**RECORDED DATA**
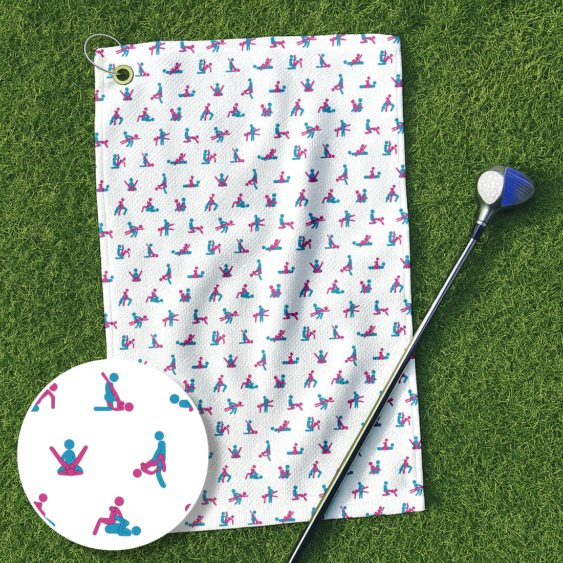 Blue And Pink Naughty Stick People White Golf Towel, Unique Gift For Golfer, Golf Accessories
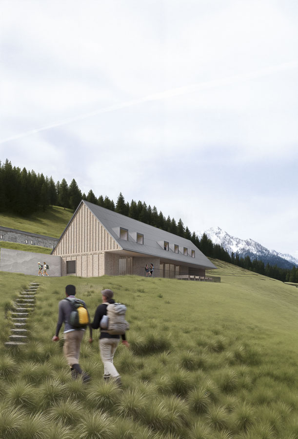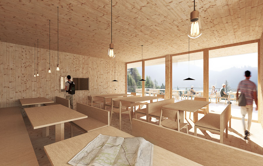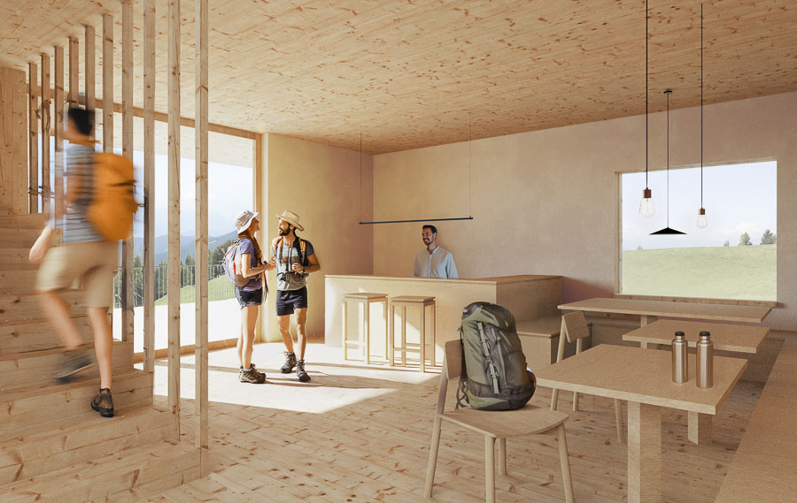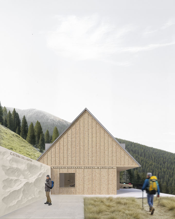 Il progetto si fonda su una logica costruttiva ibrida, capace di garantire durabilità, precisione esecutiva e compatibilità con la logistica in quota. Il piano terra è realizzato con una struttura a telaio in legno lamellare, che assicura resistenza meccanica e versatilità. Il piano primo adotta un sistema in pannelli portanti in X-Lam, più leggero e adatto alla prefabbricazione.
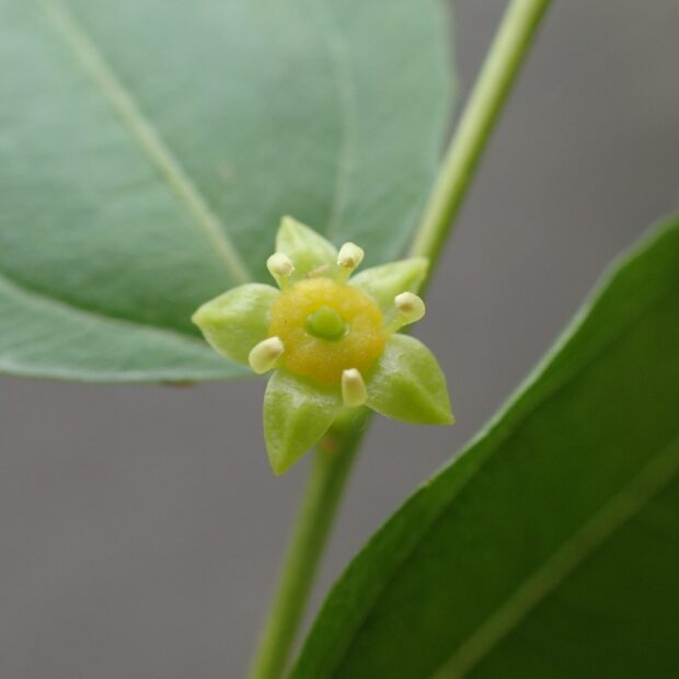 葉っぱの付け根に小さなかわいい花が咲きます。

**DIRECTIONS FOR THIS TASK**
For this exercise, write the listing out again exactly, excluding all images.

**RESULT FOR THIS TASK**
 Blue And Pink Naughty Stick People White Golf Towel, Unique Gift For Golfer, Golf Accessories
 Il progetto si fonda su una logica costruttiva ibrida, capace di garantire durabilità, precisione esecutiva e compatibilità con la logistica in quota. Il piano terra è realizzato con una struttura a telaio in legno lamellare, che assicura resistenza meccanica e versatilità. Il piano primo adotta un sistema in pannelli portanti in X-Lam, più leggero e adatto alla prefabbricazione.
 葉っぱの付け根に小さなかわいい花が咲きます。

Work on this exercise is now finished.